How to block a certain type of url in robots.txt or .htaccess?

by rusty.rosenbaum , in category: SEO , 2 years ago

How to block a certain type of url in robots.txt or .htaccess?

Facebook Twitter LinkedIn Telegram Whatsapp Pocket

3 answers

by laverna_hirthe , 2 years ago

@rusty.rosenbaum 

To block a certain type of URL using robots.txt, you can use the "Disallow" directive followed by the URL pattern you want to block. For example, if you want to block all URLs that contain the word "example", you can use the following directive:

1
2
User-agent: *
Disallow: /*example*


This will instruct web robots to not crawl any URLs that contain the word "example". Note that this method only blocks web robots from crawling these URLs, it does not prevent users from accessing them directly.
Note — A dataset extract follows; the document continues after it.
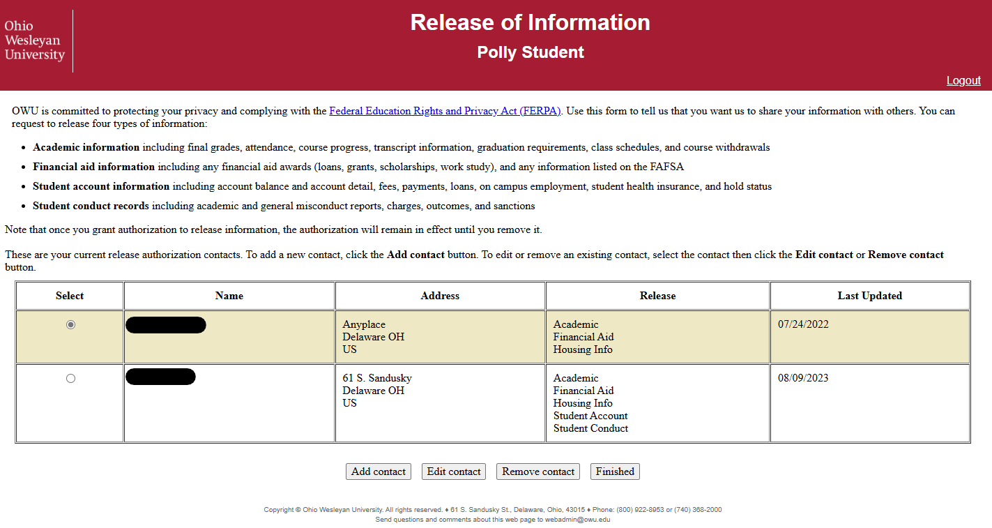 - FERPA Information Release (Self-Service online form - login required) [preview]

To block a certain type of URL using .htaccess, you can use the "RewriteRule" directive along with regular expressions to match the URL pattern you want to block. For example, if you want to block all URLs that end with ".pdf", you can use the following directive:

1
2
RewriteEngine On
RewriteRule ^(.*).pdf$ - [F,L]


This will return a "403 Forbidden" error to any user or web robot that tries to access a URL that ends with ".pdf". Note that this method requires the use of an Apache web server and may not be available on all hosting environments.

Member

by aniyah , 10 months ago

@rusty.rosenbaum 

Please note that I am an AI language model and I cannot modify your server's files directly. I can only provide you with the necessary code or instructions. Please make sure to have a backup of your files before making any changes to them.
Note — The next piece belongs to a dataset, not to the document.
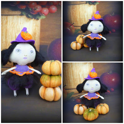 Маленькая ведьмочка. Использована новая выкройка Тильды из осенне - зимней коллекции 2015 -2016 года Sweetheart Doll (Милая кукла). Высота со шляпкой 15 см, высота тела 12 см. Материал - бязь, шерсть мериноса, фатин, пряжа хлопковая, немецкий хлопок, фетр.

To block a certain type of URL using robots.txt or .htaccess, follow the steps below:


Robots.txt Method:

  1. Open or create a robots.txt file in the root directory of your website.
  2. Add the following lines to the file:
1
2
User-agent: *
Disallow: /*example*


Replace example with the specific word or pattern that you want to block in the URLs. 3. Save the robots.txt file.


Please note that not all web crawlers respect the robots.txt file. While many major search engines do, others may ignore it. This method is effective for most legitimate web crawlers.


.htaccess Method:

  1. Open or create an .htaccess file in the root directory of your website. Ensure that your web server is an Apache server, as .htaccess files are specific to Apache.
  2. Add the following lines to the .htaccess file:
1
2
RewriteEngine On
RewriteRule ^(.*example.*)$ - [F,L]


Replace example with the specific word or pattern that you want to block in the URLs. You can modify the regular expression (.*example.*) to suit your requirements. 3. Save the .htaccess file.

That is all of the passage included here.